Live album by John Prine
- Released: June 12, 2026
- Recorded: March 6, 2010
- Venue: Old Town School of Folk Music
- Genre: Folk
- Length: 70:51
- Label: Oh Boy

= Live at Old Town School of Folk =

Live at Old Town School of Folk is a live album by American singer-songwriter John Prine, released in 2026 in Nashville on the Oh Boy label.

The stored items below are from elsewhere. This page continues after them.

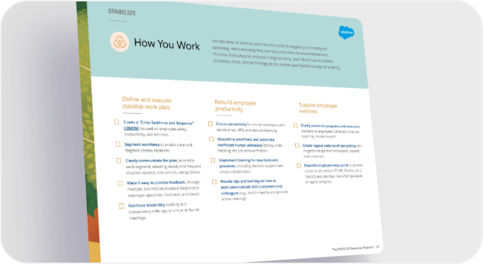 STABILIZE Use this time to develop and execute a plan to support your employees’ How You Work wellbeing, while ensuring they can stay productive in new environments. Prioritize their physical and psychological safety. You’ll likely have to rethink processes, tools, and technology as you evolve your traditional ways of working. Define and execute Rebuild employee Support employee stabilize work plan. productivity. wellness. Create a “Crisis Taskforce and Response” Ensure connectivity for remote employees with Clarify assistance programs and resources V2MOM focused on employee safety, secure email, VPN, and web conferencing. available to employees (childcare, financial productivity, and wellness. planning, mental health). Streamline workflows and automate Segment workforce to enable clear and inefficient human processes (billing, order Create regular cadence of storytelling with targeted communications. tracking, etc.) to remove friction. insights and tips from employees, experts, and customers. Clearly communicate the plan, tailored to Implement training for new tools and each segment, ensuring steady and frequent processes, including decision support and Establish employee help portal to provide situation updates, new policies, and guidance. virtual collaboration. access to all services (IT, HR, finance, etc.); identify and prioritize new offerings based Make it easy to provide feedback, through Provide tips and training on how to on query analytics. multiple, low-friction channels (respond to best communicate with customers and employee questions, feedback, and ideas). colleagues (e.g., build empathy and provide active listening). Reinforce leadership visibility and transparency with regular virtual all-hands meetings. The COVID-19 Response Playbook | 15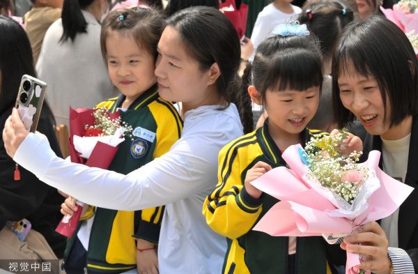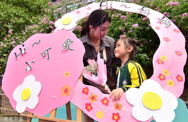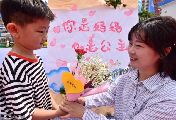 2023年5月10日,河北邯郸,幼儿园的小朋友将制作的插花送给妈妈。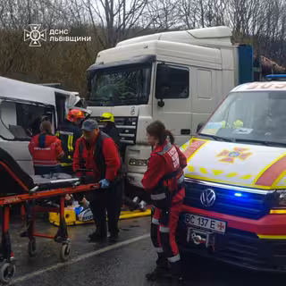 Дорожньо-транспортна пригода сталася у четвер, 9 квітня, о 16:32. На трасі в Золочівському районі зіткнулися мікроавтобус Renault Master та вантажівка DAF. Про це повідомили у ДСНС.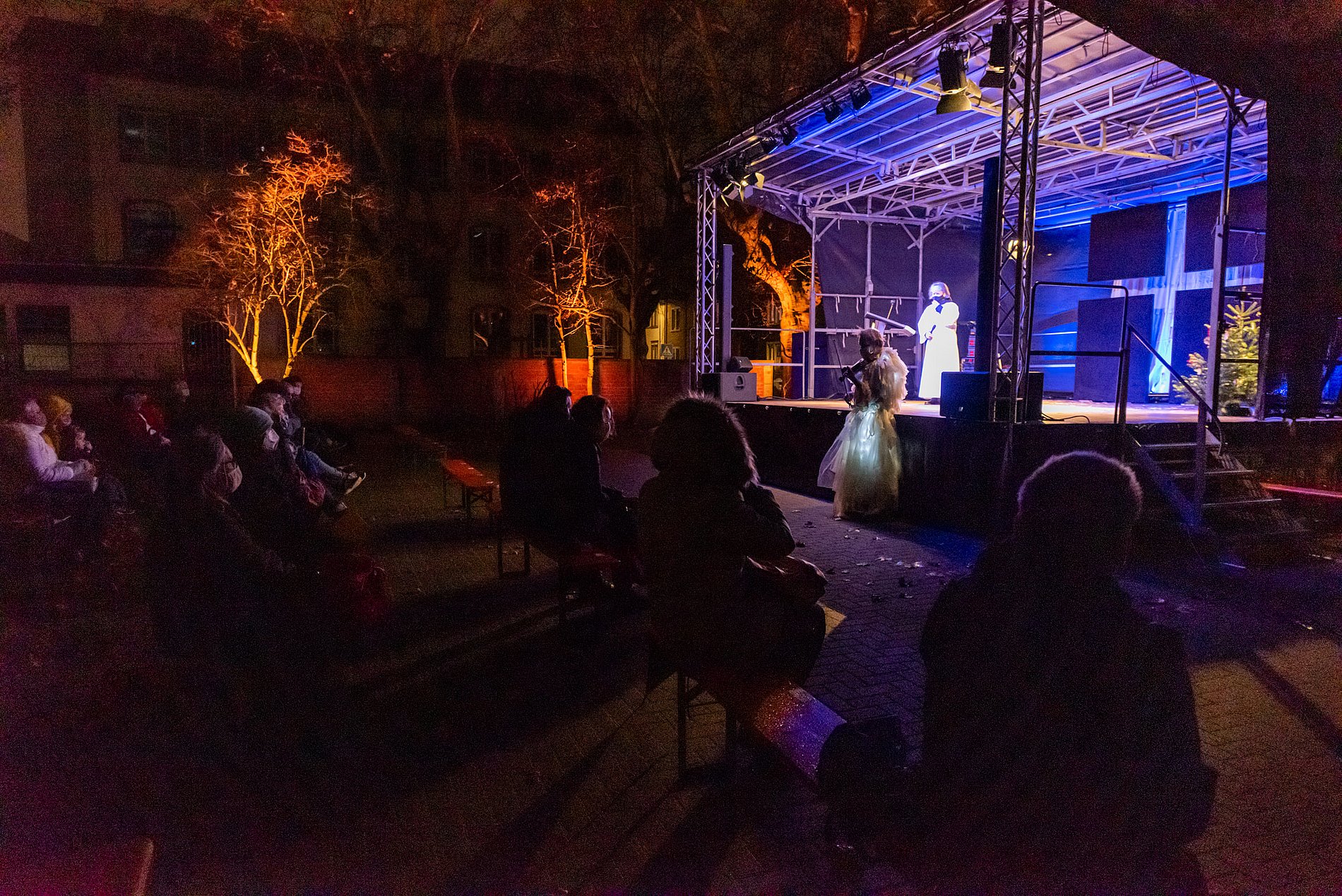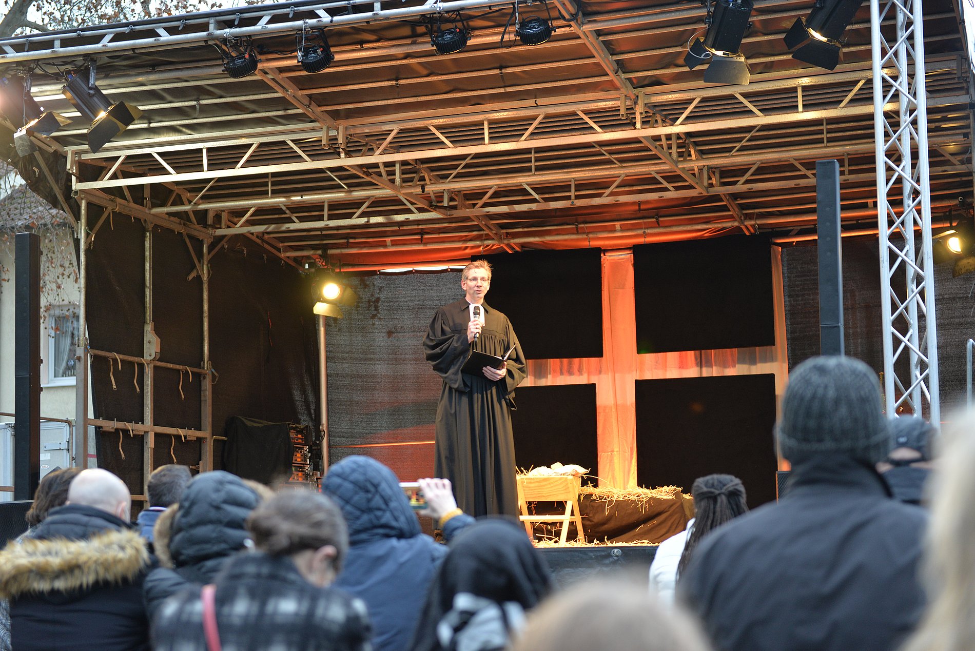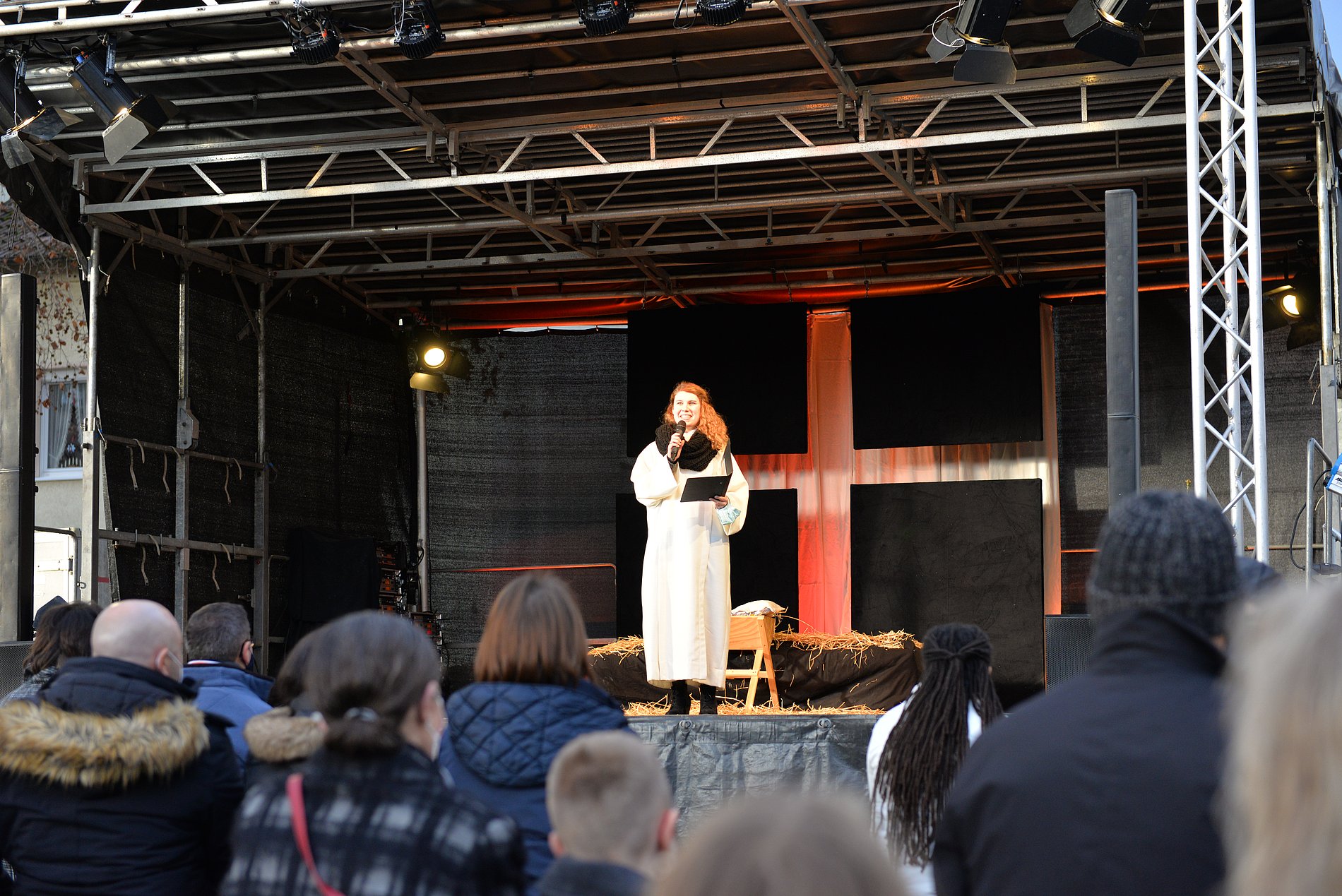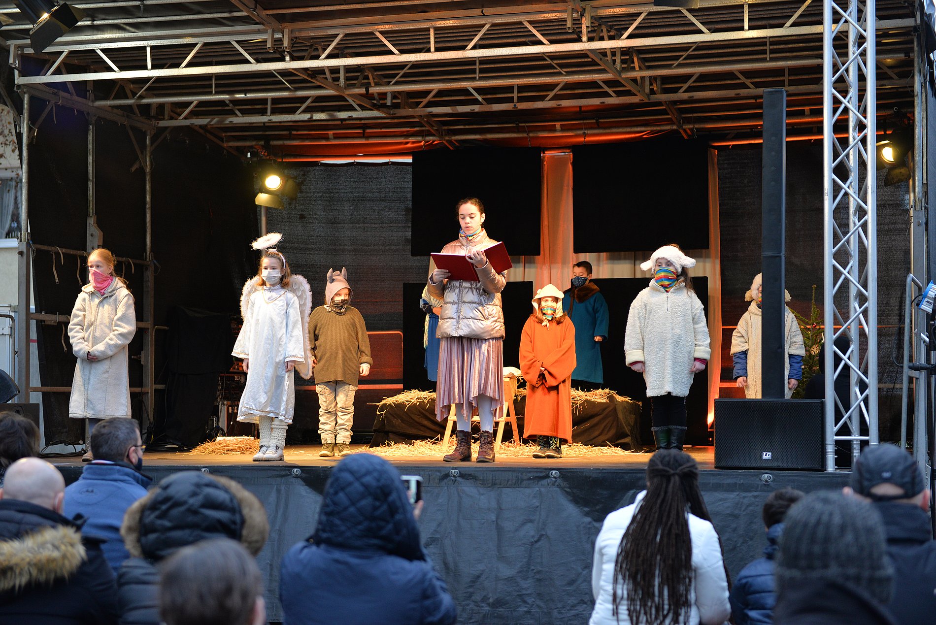 Es war ein besonderer Heiliger Abend, ganz anders als sonst. Ungewöhnlich, mit Einschränkungen und Herausforderungen. Umso schöner, dass wir an diesem Tag zur Krippenfeier zusammenkommen konnten. Etwa 100 Personen kamen um 15 Uhr in den Kirchgarten von Herz Jesu, wo dank des Arbeitskreises Fechenheimer Vereine e.V. eine Bühne samt Technik, Bänke und Zelte aufgestellt wurden.

Prine was raised in nearby Maywood, Illinois and first visited the Old Town School of Folk Music in Chicago as a teenager, sent by his older brother who was hoping to get Prine to expand his interests in life beyond playing pool. Prine developed his career by playing at the venue and performed a solo concert there in 2010 that was recorded for the release of this album.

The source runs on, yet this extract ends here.